To compute the accuracy, you need to run a forward pass on the data and compare the predicted labels with the groundtruth labels. The accuracy is then defined as the numbr of correct predictions divided by the total number of data items you passed into your network.


### **3.4. Exericse 3 - Training on GPU**

Deep learning networks are very slow - both during training as well as at testing. Luckily, they are highly parallelizable, especially CNNs, thus they fit very well for running on modern GPUs.

In this exercise, you are asked to extend the MLP class as well as LeNet class so that you can train it and test it on GPU when a GPU is available.

In the free version of Colab, you will get $12$ hours of execution time but the session will be disconnected if you are idle for more than $60$ minutes. It means that for every $12$ hours Disk, RAM, CPU Cache and the Data that is on your allocated virtual machine will get erased. Thus, if you plan to train for longer than $12$ hours, you must make sure that the state of your training is regularly saved. In fact, even if your expected training timne is less then 12 hours, you need to ensure that you regularly save the learned network parameters.

To enable GPU hardware accelerator on Colab, just go to the menu **Runtime -> Change runtime type -> Hardware accelerator -> GPU**.

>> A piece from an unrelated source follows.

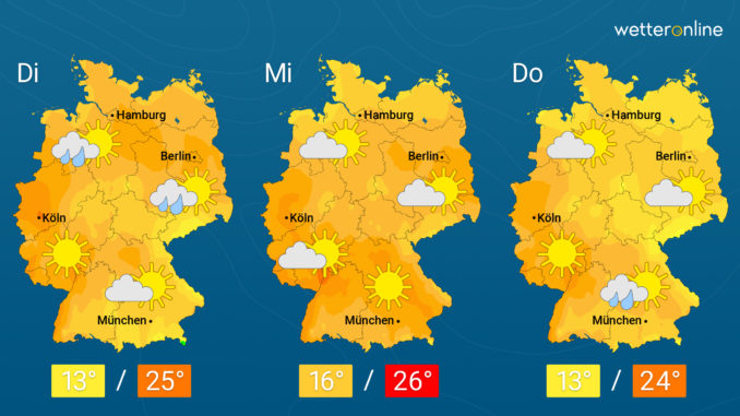 Am Mittwoch fließt im Norden wieder etwas kühlere Luft ein. Dazu scheint die Sonne meist für viele Stunden, nur an der Elbe und am Bayerischen Wald sind auch mal einige Wolken dabei. Abgesehen von einzelnen Tropfen bleibt es trocken. Die Temperaturen liegen zwischen 15 Grad an der Ostsee und 27 Grad im Rhein-Main-Gebiet.

Then, inside the training loop, in the function *fit_epoch()*, you need to trasnfer the training data into GPU. Instead of writing:


```
inputs, target = data
```
You need to write:


```
inputs, target = data
if torch.cuda.is_available():
   data, target = data.cuda(), target.cuda()
```

You do the same if you add a validation loop (Exercise 2).

Update your LeNet class, train it on GPU and then compare the training time with the previous version that runs on CPU.

## **2. Modern Convolutional Neural Networks**

Pick up one or two of the networks we saw durng the lecture and try to implement them using PyTorch. Train them on MNIST or CIFAR10 datasets and compare their performance with LeNet that you implemented last week.

For this exercise, start with the LeNet class you created in the previous lab.